Рустем глянул в ту сторону, где они стояли вначале, девчонки там не было. Да, ведь теперь там были ворота «Зарева», и она, видно, перешла на противоположную сторону.
Игра началась вяло; татушники лениво попинывали мяч и не шибко наседали, однако, на свою половину заводских не пускали.
— Ничья, видимо, их устраивает, — сказал Рустем, — обывательское довольство.
Галкин залился смехом.
— Вот именно, — сказал он, — вот именно! Практицизм. А наши ребята действуют на совесть. Как ты полагаешь, выиграют?
— А вы?…
— Я?.. — Галкин прищурился, помедлил.
Мусавиров сказал:
— Разумеется, нет. Но об этом мальчишкам говорить не надо…
— Дабы сохранить бодрость духа? — со смехом спросил Галкин. — Впрочем, не надо предполагать.
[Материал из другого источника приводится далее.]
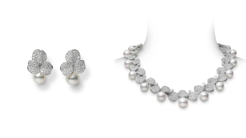 全新的《Les Pétales Place Vendôme》以芳登廣場飄舞的玫瑰為靈感,並採用了17顆頂級南洋珍珠,交錯排列在由鑽石打造的玫瑰花瓣間,透過鑽石和珍珠銀的輝映,打造出貴氣逼人的奢華項鍊。而為了讓配戴者更顯光彩奪目,MIKIMOTO還特別推出同系列的“兩用”南洋珍珠鑽石耳環,你可以隨穿著與場還選擇將珍珠保留或卸下,展現遊走於古典奢華和摩登都會之間的萬種風情!

— Можно, — вдруг сказал Панкратов, — это футбол, игра. Будет ничья.
— Ничьей не будет, — сказал Рустем.
— Будет.
— А за кого ты болеешь, Панкратыч?
— Я отдыхаю.
Рустем не отозвался.
Георгий Степанович хитро взглядывал то на Рустема, то на Панкратова, тихонько посмеивался, а на поле по-прежнему нашим парням приходилось туго, а он не рвал и не метал, не кричал, не вскакивал с места. Но спрашивать у него, болеет ли он за команду, было просто бестактно. Никто другой так не волнуется за ребят — добывает мячи, бутсы и ратует за воскресники по строительству собственного стадиона и сам выходит на эти воскресники, подбадривает ребят, не пропускает ни одного матча — никто так не волнуется, как Георгий Степанович.
— Смотри, — сказала Жанна взволнованно и сжала Рустему руку. — Смотри же, смотри!
И рядом, по сторонам, напротив — везде уже закипал шумок, наши бежали к воротам татушников, и мяч вел Ильдар… но кто-то закричал: «офсайд! офсайд», — свистел судья, а Ильдар, ничего не слыша, добежал до ворот и ударил пушечным всесокрушающим ударом, и мяч затрепыхался в сетке.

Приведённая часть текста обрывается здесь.